Kate tourna légèrement la tête sans savoir que dire. Elle était visiblement encore mal-à-l'aise d'aborder le sujet sur cet angle là. Parler de sexe, en rigolant, était bien moins difficile. Se dévoiler complètement en ce qui concernait ses sentiments les plus profonds supposait un effort qu'elle ne se sentait pas encore de faire. Dans son for intérieur, elle les connaissait, les ressentait comme une certitude, elle pouvait désormais mettre un nom sur ce que Castle lui inspirait mais, peut-être étais-ce un soupçon d'égoïsme, Kate Beckett voulait les garder pour elle toute seule et s'épanouir dans l'amplitude qu'ils avaient atteint.
En voyant que son amie se renfermait, Lanie opta une fois de plus pour un sujet plus frivole.
-Vu comment vous êtes toujours synchro, je pense qu'au lit c'est plus que satisfaisant.
-Lanie, je ne vais pas discuter de ça avec toi, fit Kate simulant l'ennui. Est-ce qu'une salade te convient ?
-Une salade ? Ma jolie, tu viens de passer une nuit et une journée torrides et tu ne penses qu'à une salade pour refaire le plein d'énergie ? Castle ne serait donc pas si doué au lit ?
-Ne t'inquiète donc pas pour ça, dit Kate avec un petit sourire.
Lanie savourait déjà sa victoire lorsque Kate ajouta :
-Il m'a bien nourrie à midi. Tu devrais le savoir, puisque Espo t'a fait son rapport.
On ne vend pas la peau de l'ours avant de l'avoir tué, pensa Lanie. Elle avait crié victoire trop tôt. Mais la métisse ne se démonta pas.
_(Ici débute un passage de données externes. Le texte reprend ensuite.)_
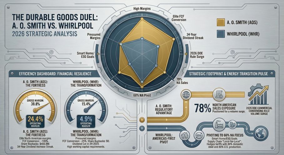 While the broader industry navigates macroeconomic volatility, HDIN Research identifies a stark bifurcation in corporate strategy. A. O. Smith (AOS) is leveraging a "Fortress" balance sheet to capture regulatory-driven growth, whereas Whirlpool (WHR) is engaged in a complex structural transformation to defend its core Americas business against credit-rating headwinds.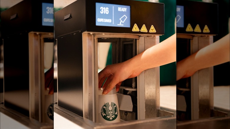 There is currently another test being done at Arizona State University that started in May. In this case, customers wash their own personal cup or a returned Borrow A Cup at a special cleaning station (shown above) in the store and receive a dollar off their order. More tests are planned this year at yet undisclosed locations. In a statement to Tasting Table, Starbucks said, "The biggest thing to learn from these tests as we prepare to bring this model to more stores, is how to offer customers a way to shift away from single use cups toward a reusable to-go-coffee experience, in a way that is convenient, easy, and enjoyable."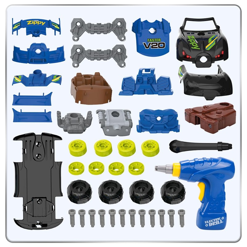 - 【Child Safety & Quality Assured】The 43 pieces set comes with a electric drill,a hand drill,screws and car parts needed to assemble, take apart, reassemble, fix & repair. The take apart vehicle toy is made of environmentally-friendly ABS materials with high ductility, BPA free, durable and smooth edge without burrs to protect children's hands.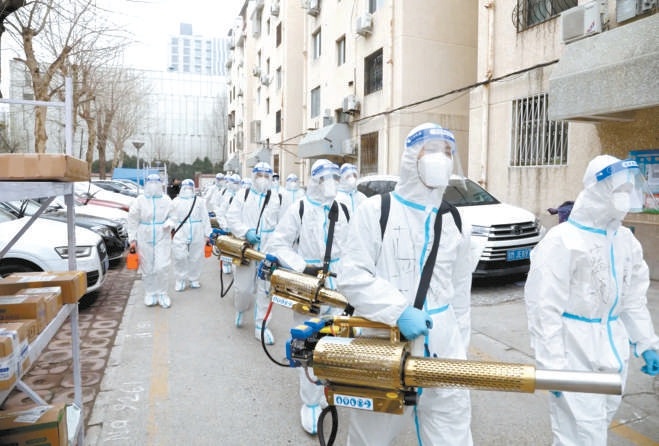 朝陽藍(lán)天救援隊(duì)22名隊(duì)員近日換上防護(hù)服,走進(jìn)六里屯甜水西園等3個社區(qū),為社區(qū)做防疫消殺,以減輕社區(qū)和物業(yè)工作人員的壓力。隊(duì)員們穿著防護(hù)服、佩戴口罩、安全帽、橡膠手套,手持70多斤重的彌霧機(jī)和藥箱,采用地毯式噴灑消毒的方式,對社區(qū)封(管)控區(qū)的道路、綠化帶等區(qū)域進(jìn)行細(xì)致消殺,確保小區(qū)內(nèi)無死角、無盲區(qū)。

-Allez, est-ce que c'était bien, super, sublime, énergique, magnifique ?
-Explosif.
Lanie leva les sourcils et posa les mains sur ses hanches. C'était un comportement qui n'était pas fait pour rassurer Kate.
-Maintenant tu as piqué ma curiosité, faudra m'en dire plus.
-Explosif, c'est assez pour illustrer ma réponse.
-Non, non, non, répliqua-t-elle en balançant son doigt de gauche à droite. Je veux des détails, des détails.
-Tu m'as bien dit que tu avais trouvé mon soutien-gorge dans la poubelle.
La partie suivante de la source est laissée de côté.